Superintendent of Palisades Park, McKee built the first permanent wooden-structured wild mouse there in 1957. McKee may be responsible for the design of similar wooden wild mouse rides at a number of other locations, but details have been difficult to find. The Palisades and Pontchartrain rides used German-made cars. At the beginning of its opening season, the Palisades mouse used cars borrowed from the Conklin ride.

B. A. Schiff & Associates

Ben Schiff of Miami, Florida, listed a Wild Mouse ride in Billboard's Spring 1956 ride survey and placed a ride in Roseland Park (NY) in mid-1956. This ride would have been the first Wild Mouse of any sort to operate in North America. It may have been removed after an ejection accident in September, 1956. Advertisements at the end of 1956 mentioned rides at Funland Park, Miami, Florida and Havana, Cuba. An estimated 20-30 rides were installed by 1960. Some of these may have been sold through a subsidiary called Amusement Industries Supply Corporation. The earliest rides were not designed to be portable, and the installation for the 1957 Kentucky State Fair required two weeks.

In early 1959, Schiff introduced a smaller portable version of the Wild Mouse. Schiff may have stopped producing the larger version in the United States, but sold the manufacturing rights to Butlin in the UK.

Carll & Ramagosa

In addition to their other business interests, the operators of Casino Arcade Park in Wildwood built rides, showcased them at their parks, and then sold them. A wild mouse was installed at their new Sportland Pier in 1957. This ride was initially themed as Up-'n-Atom. The ride was relocated when the pier was expanded, and was later renamed Flying Tiger. A second ride was sold to Pacific Ocean Park, where it was named Flying Fish. The POP Flying Fish had a track structure that appears identical to that of the Schiff rides, although the Flying Fish-themed cars appear to be quite different.

Miler Manufacturing

Carl Miler (often mis-spelled as Miller, potentially causing confusion with a more famous roller coaster designer) appears to have built a few rides each year, booked them into fairs, and then sold them--three portable roller coasters were on the U. S. fair circuit in 1957. Miler first offered a Wild Mouse ride at the end of 1957. The first of these all-steel coasters was delivered to Royal American Shows in 1958. It was designed, in collaboration with Carl Sedlmayr, Jr., to be easier erect than previous wild mouse rides. Although an erection time of 6 hours was planned, the first set-up (in Saskatoon) required twice that. This was reduced to 8-10 hours (in Regina, Saskatchewan) using a crew of 21 for the second set-up. To improve portability, Royal American modified the ride at the start of the 1959 season.
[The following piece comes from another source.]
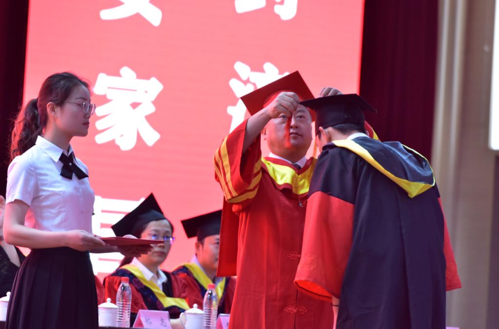 党委书记余其俊对毕业生们获得学位表示祝贺,他对同学们提出了三点希望:一是希望同学们以真理为依归,在矢志不渝、笃行不怠中坚定理想信念;二是希望同学们以求是为底色,在攻坚克难、勇往直前中苦练过硬本领;三是希望同学们以乐观为基调,在艰难险阻、世事磨砺中保持身心健康。

Miler produced at least one additional portable model and two park models.

Allan Herschell Company

The Herschell firm billed itself as the world's largest ride manufacturer. The Mad Mouse appeared in 1958 (at the Alabama State Fair, with Olson Shows), and a scaled-down version lacking the initial hairpin turns, the Mite Mouse, appeared in mid-1959. The Mite Mouse appears to have been targeted to kiddielands. The Monster Mouse, an enlarged ride with large initial drops, was introduced in 1963. This was sold both as a complete ride and as a modification package for the Mad Mouse. The Mad Mouse appears to have displaced the Schiff rides on travelling fairs, probably because it was much easier to set up and tear down. In 1960, Strates traveled with their own (Schiff) Wild Mouse, the Tinsley Mad Mouse, and the Dowis (Miler) Wild Mouse. The Mad Mouse was set up at every location, while the other two rides alternated. Herschell probably also had higher production capacity than Schiff or Miler, with a delivery schedule of about one ride every two weeks during the first half of 1959, later increased to one a week. More than 30 Mad Mouse rides were sold by 1960, with about half placed in parks.

Velare Brothers

The originators of Sky Wheels and Space Wheels have been mentioned in connection with the alterations to the Wild Mouse at Blackpool Pleasure Beach that were made in the 1960s. The top circuit preceding the switchbacks, containing a big drop and a shallower dip, was added at that time. Apparently this change was inspired by a similar alteration of the Velare's wild mouse at Nu-Pike in Long Beach, CA (shown below). There is no evidence that the Velare Brothers were involved in the initial construction of the Wild Mouse at Blackpool, which predated the arrival of a Wild Mouse ride at Nu-Pike.

Princeton Machine

Conklin contracted with Princeton Machine of Princeton, Ontario, to build a steel copy of the imported German rides. The track for this ride was imported from Europe (probably the Netherlands or Belgium). Only one unit was produced, as this design appears not to have been particularly successful. The ride was built around 1967 and was later installed at Playland in Vancouver.

Tom Hughes

No information except for an ad in 1958 offering complete plans for anybody wishing to build their own wild mouse. The home address was in Hollywood, CA.

unknown

There are pictures of one or more units of a portable wild mouse differing from all others described. The best documented example ended its working life at Old Indiana Park. The layout of this ride closely resembled that of the Schiff rides, with the lift on the right and a marked dip immediately after the hairpins. The ride also used the decorative entrance and exit gates of a Schiff ride. However, the all-steel support structure differed considerably from that of the Schiff rides. The track resembled that of the Schiff rides, but lacked the central pair of guide rails. The cars somewhat resembled those of the portable Miler rides, using a tire as a rear bumper.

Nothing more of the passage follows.